Fucking pig but Love’s father laughs and Love excuses herself for the ladies’ room with a kiss on my cheek. Stein sighs. “All the good ones are taken.”
Dottie smiles. “This is Lovey’s new friend Joe. He’s brilliant.”
Ray endorses me too. “This kid’s got the goods, Barry.”
Barry says it’s nice to meet me and I don’t like him and I don’t like the rich, blond motherfucker approaching this table. His hat says VINEYARD VINES and his T-shirt says FOUR SEAS ICE CREAM and when I wanted to come here in a T-shirt and jeans, we had to go shopping. Love returns from the restroom and hugs this man. “Milo, it’s so good to see you.”
The waitresses makes room for him and Dottie kisses him and invites him to dinner and Forty elbows me. “Don’t waste your time turning green,” he says. “Milo is just our brother from another mother.”
I tell Forty I’m fine and then I’m on my feet, extending my hand. Milo opens up for a hug. “Fuck that,” he says. “Bring it in.”
Milo’s eyes are too big, his smile pandering. He’s overly gracious with the waitresses, too complimentary of the cake that Dottie got for Ray. He’s a fucking liar to the bone. He’s a television producer. “By trade,” he says. “But my heart is in the theater.”
I want to know if his dick has been in Love and she says that he’
s way too self-deprecating. All people have a blind spot. Love’s is Milo. She doesn’t understand that he deliberately undersells himself so that she will gush over him. “Milo is amazing,” she raves. “Unlike me, he stayed in law school.” He looks down bashfully and immediately I know that they were fucking on September 11th. Love goes on. “And Milo isn’t just a producer, he’s the producer. He’s the reason New Blood, Connecticut won all those awards. He just knows so much.”
Milo smiles. “The lady doth exaggerate. Please, be a friend, tell me about you.”
But Love cuts me off. “Joe,” she says. “Milo is also a fantastic writer. He’s just back from Martha’s Vineyard where his movie played at the festival, right?”
“Actually it was Nantucket,” he says. “And I think Uncle Barry might have had a hand in that. And it’s just a short.”
I look at Barry Stein, who just shakes his head. “All I did was watch the movie, officer. I swear.”

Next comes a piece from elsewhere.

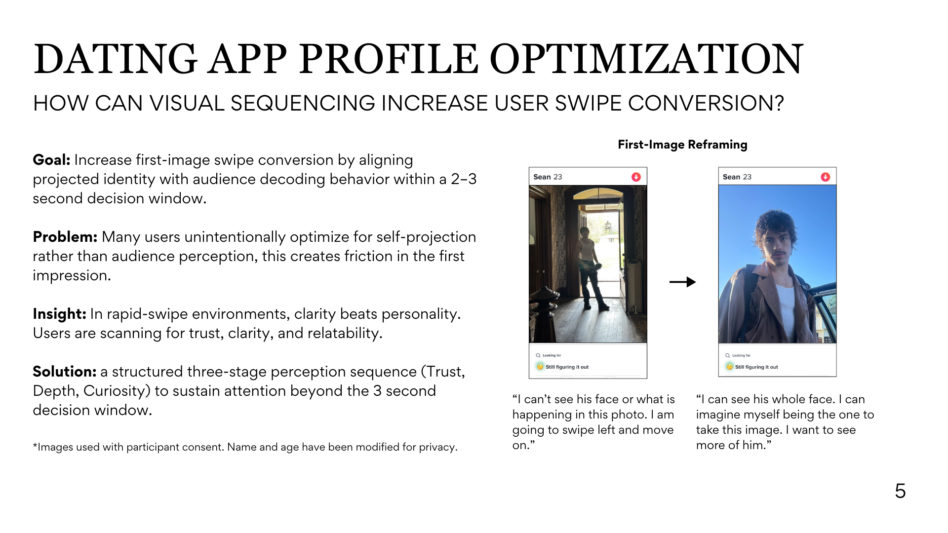 This project investigates how visual sequencing shapes perception and conversion, translating behavioral insight into a structured framework designed to reduce first-impression friction.

We all laugh as if this is funny and it isn’t and Milo tells everyone about his short fucking film and Love pays attention to him, not me. I am not involved in this conversation and I slip away to find out a little bit more about this fucker. I go online and learn that Milo is Barry Stein’s godson, not his nephew. I learn that he and Ben Stiller posed for photos together less than twenty-four hours ago. I learn that his short is a based-on-fact retelling of the most searing event of Milo Benson’s childhood, when his older brother shocked Darien, Connecticut, by murdering Milo’s father, hedge fund owner Charles Benson, in cold blood.
Fucking Republicans. They kill each other over money and then the liberal boy left over takes all the cash and makes a career out of repurposing this one event from his childhood, first into a book of drawings and then into a Vanity Fair essay and then into his TV show.
I head back to the table, where Milo and Forty fight for the attention and approval of Barry Stein, who says Milo’s ideas have tremendous potential but pats Forty on the back and tells him that his ideas need work. These are two very different statements, which is idiotic because at the end of the day, either you have something or you don’t. Milo orders an açai bowl and Forty orders a Patrón double. I nudge Forty and tell him that last idea sounded good.